Laurita detuvo el auto, me agarro por los brazos, gritándome loco, no mas cállate, luego se lanzo llorando a mis brazos, gimiendo amargamente ¿amor por que? ¡Las luces estuvieron en rojo siempre en rojo, tu decidiste cambiarlas a verde!, Laurita llevaba conduciendo toda la noche, nos bajamos del auto, entramos al restaurante, al boulevard, a todo sitio que tuviera luz de colores, que tuviera lámparas fluorescentes, en ellas encontrábamos abrigo, no solo nosotros, muchos de nuestra generación eran presas de las salas de cine, el boulevard, centros comerciales, supermercados, cafés, tabernas. Allí éramos sedados, éramos anestesiados, no sentíamos, las penas se iban, necesitábamos alcohol, drogas, sexo, mucha música, para no escuchar nuestras voces, nuestras voces interiores.

Laurita tenía ojos grandes, ojos profundos, esa noche estuvimos al frente de la ciudad retándola, desafiándola, con nuestro amor y nuestra belleza, la ciudad estaba más hermosa que nunca, colorida con sus soles nocturnos, alguna que otra risa se escuchaba por las calles vecinas, carcajadas de jóvenes ebrios. Laurita miro la ciudad, al frente había un conjunto de apartamentos con sus torres bien esculpidas, sus ventanas relucientes y en ellas el calor del bombillo un comedor, una hermosa mujer, una familia, un hogar sin necesidad, ella me miro y me dijo: esa debería ser nuestra vida, ¿por qué naciste tu propenso al miedo, al dolor? ¿Y yo con este tedio, con este aburrimiento de la vida que me sigue edad en edad?
Laurita me tomo del brazo ¡tengo miedo! - me dijo- me condujo por la calzada del boulevard, buscando la entrada numero 3, al entrar nos encontramos con Shopping babes un almacén legendario de nuestra ciudad, señale un cochecito verde con arandelas color arena, Laurita rompió en llanto, se arrojo a mi pecho, yo con mi mano seque sus lagrimas y bese su rostro, me incline acaricie su barriguita y le dije -no tiene nombre-, ella me miro, y arranco a llorar con una risa enternecida.
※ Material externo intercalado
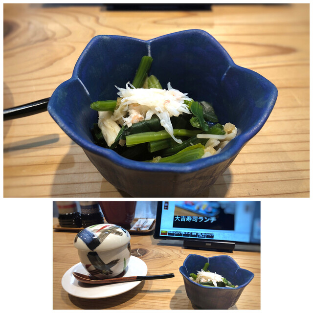 ◆最初に小鉢と茶碗蒸しが出されます。小鉢はお浸し。

Toda la noche paseamos por el boulevard, entrando en uno y otro almacén, probándonos ropa, tomados de la mano nos venció el sueño, pasamos la noche en una salita dispuesta a la venta, en el centro del boulevard. Laurita me abrazo fuertemente y me dijo -siempre estarás conmigo, no creceremos, nunca envejeceremos-yo sonreía- este es nuestro reino, muchos también sonreirán en esta prisión, seremos felices mi pequeño ángel.

Al amanecer Laurita condujo por toda la ciudad, en el día recorríamos cada calle esperando la tarde, yo solía beber a las 5 pm esperando que el cielo se tornara rojo, rojo como mí llanto, mi llanto que contemplaba la melancolía de la noche. Fue esa noche en que Laurita me llevo a un casino, jugamos todo lo que teníamos, Laurita quería mas, le asustaba no tener una ficha roja en sus manos, o un trébol, o un rey de diamantes por que en ellos solía ver el futuro y solo en el casino los arcanos prodigaban bienestar.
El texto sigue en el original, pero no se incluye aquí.